## Action item
Reproduce the listing in full. Omit the pictures.

## Dataset extract
■ ■ ■ ■ ■ ■ ■
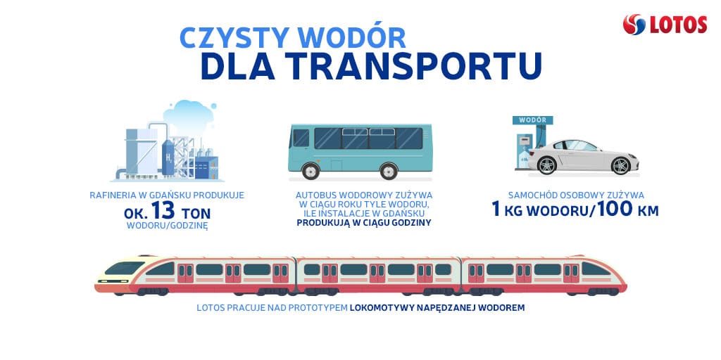 Pierwszy raz wodór będzie można zatankować w bezpośrednim sąsiedztwie gdańskiej rafinerii oraz na warszawskiej stacji paliw sieci Lotos przy ul. Łopuszańskiej. Stacja ta to część Niebieskiego Szlaku, czyli projektu rozbudowy sieci ładowarek dla samochodów elektrycznych i hybrydowych na stacjach Lotos. Pierwsze 12 ładowarek udostępniono kierowcom jesienią 2018 r., kolejne 38 zostanie oddanych do użytku w 2020 roku.
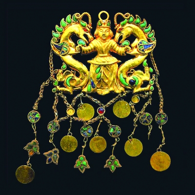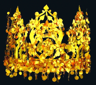 出土于蒂拉丘地墓葬群的众多金器是展览的最大亮点。这些璀璨夺目的金器,包括造型奇美、巧夺天工的纯金王冠;装饰有多组希腊酒神狄俄尼索斯徽章、工艺精湛的纯金腰带;足金打造的巴克特里亚阿芙洛狄忒金像的胸饰、骑海豚的厄洛斯金钩扣,以及镶满绿松石的黄金宝剑、嵌有众多宝石的黄金项链等,都是璀璨夺目的无价之宝。
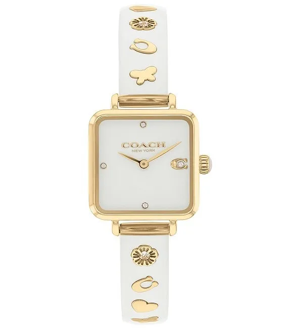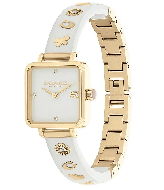 COACH Women's Cass Quartz Analog Chalk Resin with Crystal and Gold Tone Stainless Steel Square Bracelet Watch
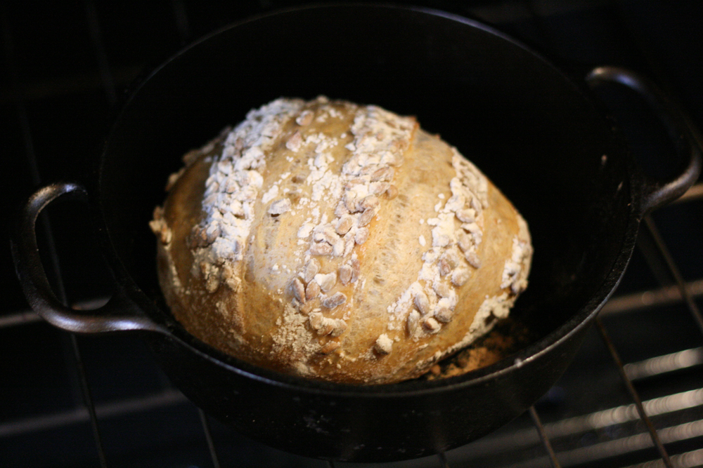 Post a comment or leave a trackback: Trackback URL. Loaf after baking in the dutch oven for 25 minutes Loaf after baking in the dutch oven for 25 minutes
■ ■ ■ ■ ■ ■ ■
## Result for this exercise
 Pierwszy raz wodór będzie można zatankować w bezpośrednim sąsiedztwie gdańskiej rafinerii oraz na warszawskiej stacji paliw sieci Lotos przy ul. Łopuszańskiej. Stacja ta to część Niebieskiego Szlaku, czyli projektu rozbudowy sieci ładowarek dla samochodów elektrycznych i hybrydowych na stacjach Lotos. Pierwsze 12 ładowarek udostępniono kierowcom jesienią 2018 r., kolejne 38 zostanie oddanych do użytku w 2020 roku.
 出土于蒂拉丘地墓葬群的众多金器是展览的最大亮点。这些璀璨夺目的金器,包括造型奇美、巧夺天工的纯金王冠;装饰有多组希腊酒神狄俄尼索斯徽章、工艺精湛的纯金腰带;足金打造的巴克特里亚阿芙洛狄忒金像的胸饰、骑海豚的厄洛斯金钩扣,以及镶满绿松石的黄金宝剑、嵌有众多宝石的黄金项链等,都是璀璨夺目的无价之宝。
 COACH Women's Cass Quartz Analog Chalk Resin with Crystal and Gold Tone Stainless Steel Square Bracelet Watch
 Post a comment or leave a trackback: Trackback URL. Loaf after baking in the dutch oven for 25 minutes Loaf after baking in the dutch oven for 25 minutes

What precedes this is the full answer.